Records excerpted from a collection:
- - -
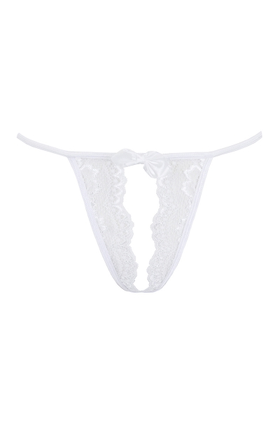 Osez la sensualité irrésistible de ce string fendu blanc immaculé en dentelle, décoré d'un noeud satin sur la ceinture.
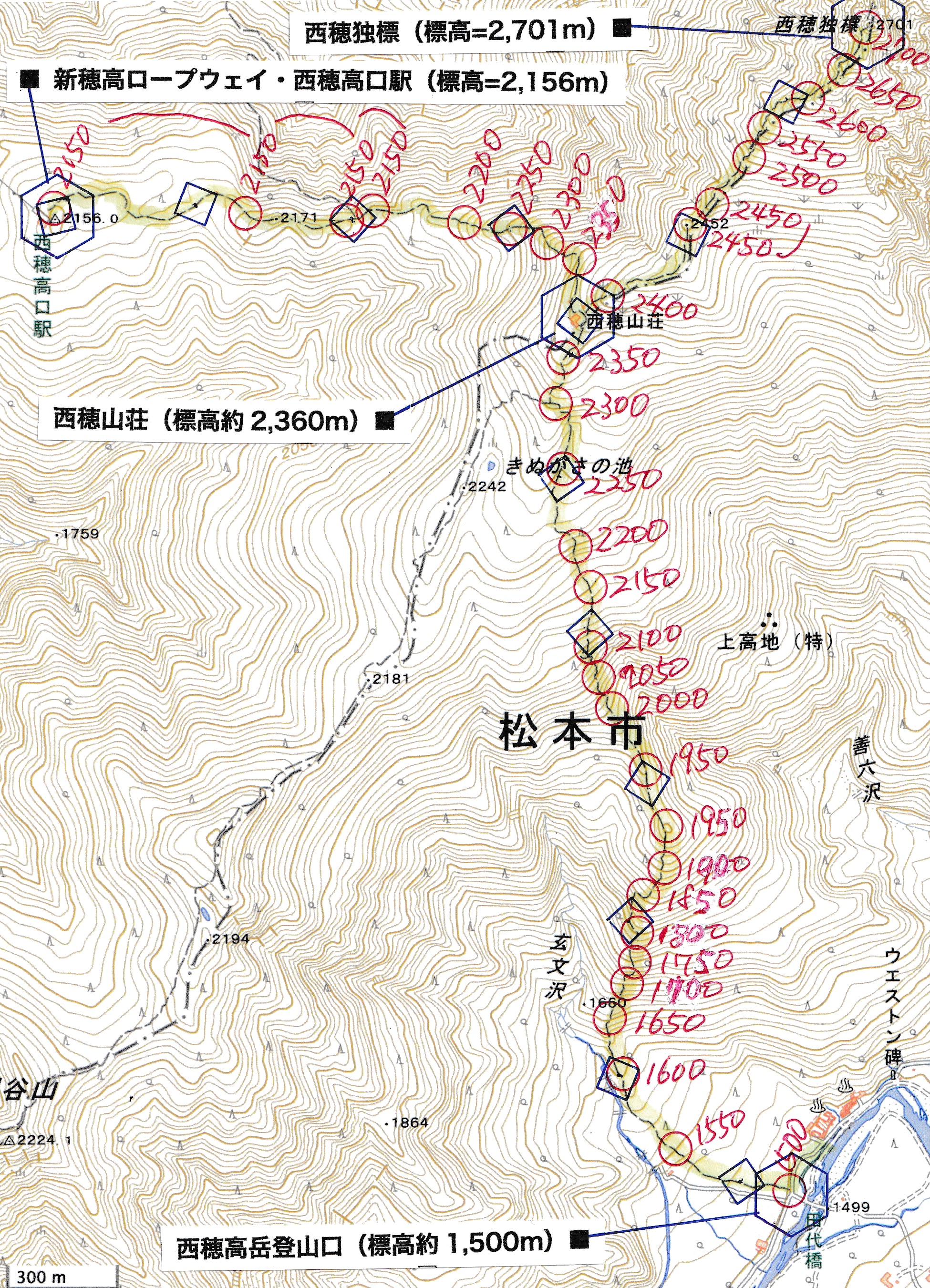1530ごろ_西穂高口駅を出発────稜線11パワーを1時間半として
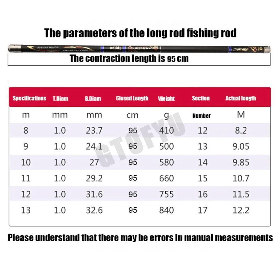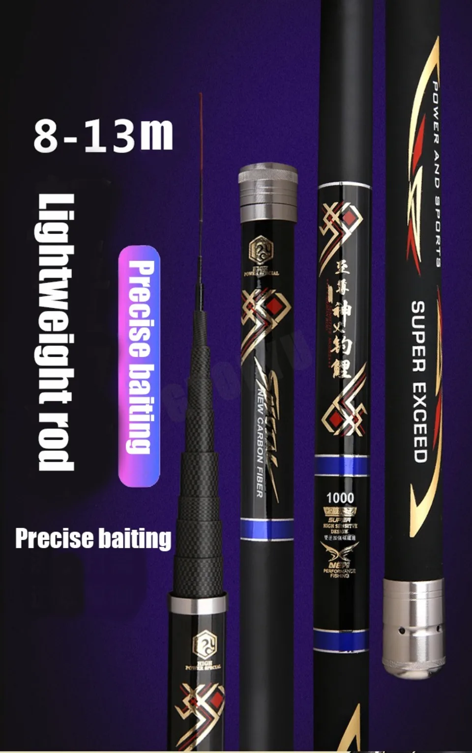 8M-13M Ultralange Hand Pole Koolstofvezel Telescopische Hengel Draagbare Vissen Tenkara Hengel Volledige Kit Hengel Alle Waters
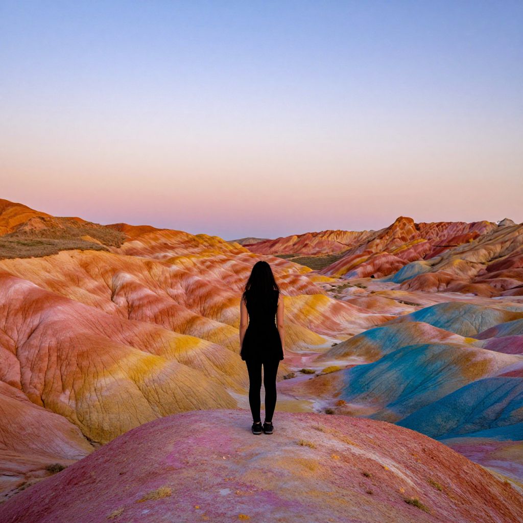 Photograph of a silhouetted woman with long hair standing in a vast, colorful desert landscape at sunset. She wears a black outfit and stands on a pink, ridge-like formation. The surrounding terrain is adorned with vibrant, multi-hued textures in shades of orange, red, pink, and blue, creating a mesmerizing, otherworldly scene. The sky above is a gradient of soft blue to pale pink, enhancing the surreal beauty of the landscape. The woman is positioned centrally, facing away from the camera, adding a sense of solitude and contemplation to the image.
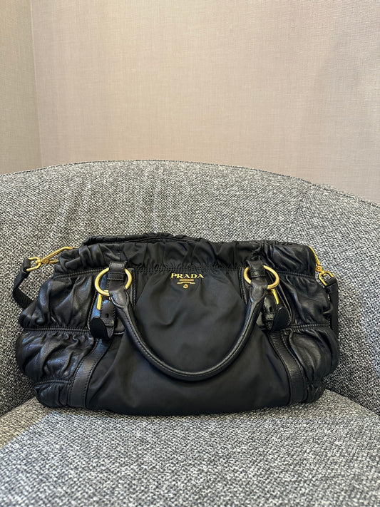 Sale price ₱36,000.00Prada Tessuto Gaufre Satchel Bag in Black Nylon and Leather
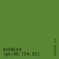 Цвет #588634 в цветовой модели RGB обозначается тремя октетами (88, 134, 52) в десятичном формате и #588634 в шестнадцатиричном (hex) формате, которые являются интенсивностью красного 88 (hex 58), интенсивность зелёного 134 (hex 86) и интенсивность синего 52 (hex 34).
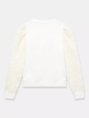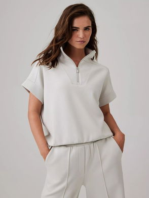 This white crop top captures the casual athleisure style of our new summer collection perfectly. Made from flowing and slightly satiny material, it features a hood that tightens with drawstrings and long sleeves with ribbed cuffs. The two tone-on-tone lace inserts at the shoulders provide a discreet signature touch. Bring out the elegant style of this fitted top by wearing it with a mini A-line skirt, an oversized denim jacket and heeled boots.
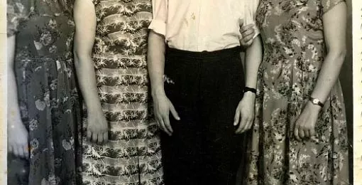 Ольга Копысова прислала на конкурс снимок, сделанный в далеком 1961 году, сопроводив его такой подписью: «Здесь запечатлены младшие дети Агафьи Ефимовны и Ивана Петровича Рыбаловых – сын Виктор и дочери Галина, Валентина и Екатерина. Фотоснимок был сделан в день отъезда Виктора на работу по распределению в г. Сталинск после окончания техникума».
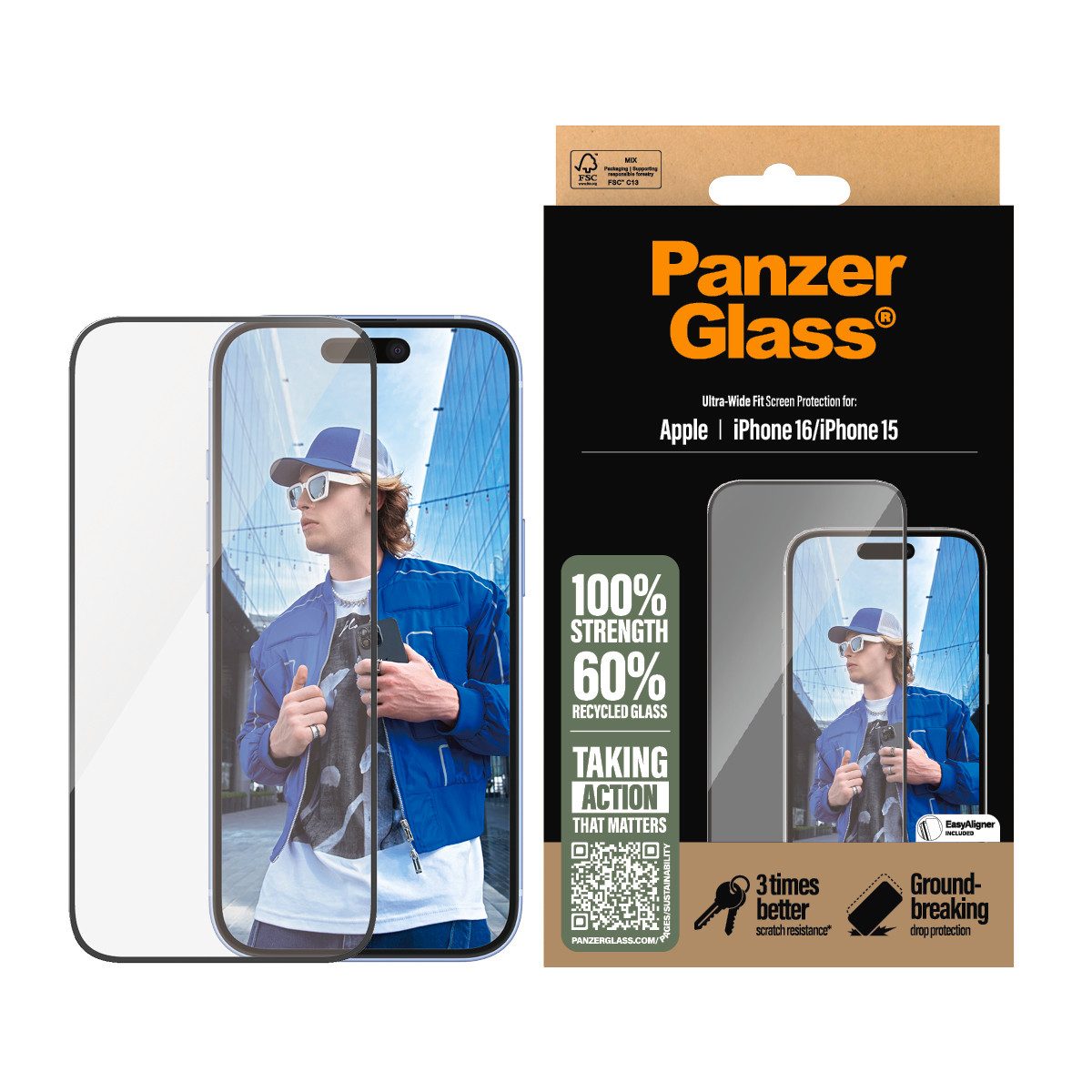 Lieferumfang | PanzerGlass Ultra-Wide Fit, Feuchttuch, Mikrofasertuch, Staubentferner Sticker |
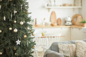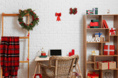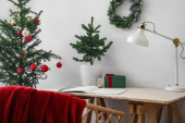 Piękne choinki w garnku na stole w pobliżu białej cegły ściany
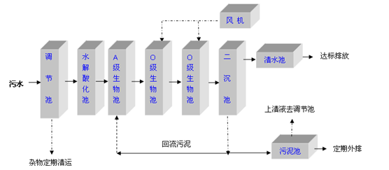 即厭氧—好氧污水處理工藝,流程如下:
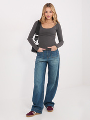 Grafitowa bluzka basic z okrągłym dekoltem
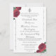 Utformningen av ett silver kor och ringar i centrum visar att Kristus är i centrum av den folkliga unionen mellan män och kvinnor. Bilden av bra ro visas överst till lämnad och i högerna grund. En elegant, silver, blomstrar i ram för att få det traditionella formatet för en katolsk bröllopsinbjudan. Namn av brud och groom visas i ett elegant-teckensnitt. Texten och gräns finns i silver färg. Finns även med teckensnitt för burgundy-ro och gräns. Designad för samordning med den Bra Ro katolska Bröllop Suite.
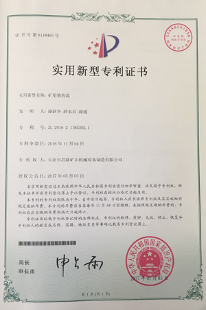 恭賀我公司產(chǎn)品礦用裝藥器于2017年5月3日再次獲得國(guó)家專利證書 專利證號(hào):ZL 2016 2 1185302.1
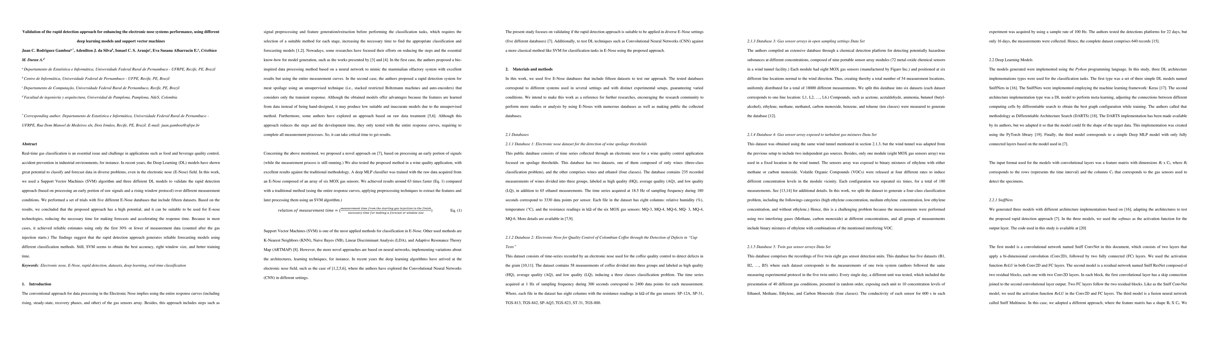 This paper validates a rapid detection approach for enhancing electronic nose systems using deep learning and support vector machines, showing that it can significantly reduce response time and improve accuracy by utilizing only the initial portion of raw signal data. Support Vector Machines achieved the best accuracy and training time among the tested methods.
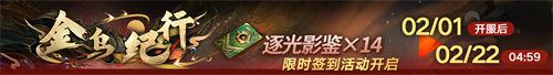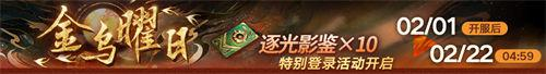 2月1日维护后~2月22日,通过体验活动关卡、击破BOSS、完成述异志略、扫荡主线副本等途径获取活动**【金乌纹饰】,赢得全新高危禁闭者【烟烟】、限定称号【传颂神话之人】、头像框【飞光】、勋章【乌羽之章】【金辉神略】【祀日绝赋】、唱片【祀日歌】、意识晶核、搜索令、异方晶等丰厚奖励!
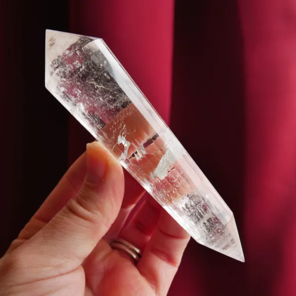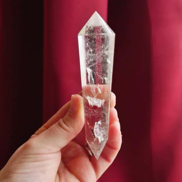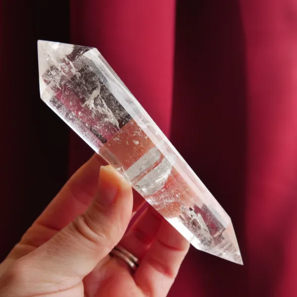 Marcel Vogel developed the powerful Vogel shape in the 1980s: it is tapered and double-terminated, with facets all around the edge to the tips. The shape was designed and intended to gather and amplify energy with the female (large) end receiving energy, and the male end (smaller) amplifying and transmitting energy. They were first used as a tool in various crystal healing modalities. Our Vogels are created from Clear Quartz mined in Brazil and faceted by talented Brazilian craftsmen – but they are not cut by Vogel trained cutters and often have slightly different angles of the points. While the copy of a Vogel may not be held to the same exacting standards of an original, they can still be used as healing tools and rival the original design in beauty. The needs of the individual must be considered when choosing a Vogel for healing, or other use. For more information on Vogels, please refer to our blog post HERE.
- - -
**Task prompt**
Give again, exactly, the lines from the start of the data through the one holding "8M-13M Ultralange Hand"; omit the pictures.

**Reply**
 Osez la sensualité irrésistible de ce string fendu blanc immaculé en dentelle, décoré d'un noeud satin sur la ceinture.
1530ごろ_西穂高口駅を出発────稜線11パワーを1時間半として
 8M-13M Ultralange Hand Pole Koolstofvezel Telescopische Hengel Draagbare Vissen Tenkara Hengel Volledige Kit Hengel Alle Waters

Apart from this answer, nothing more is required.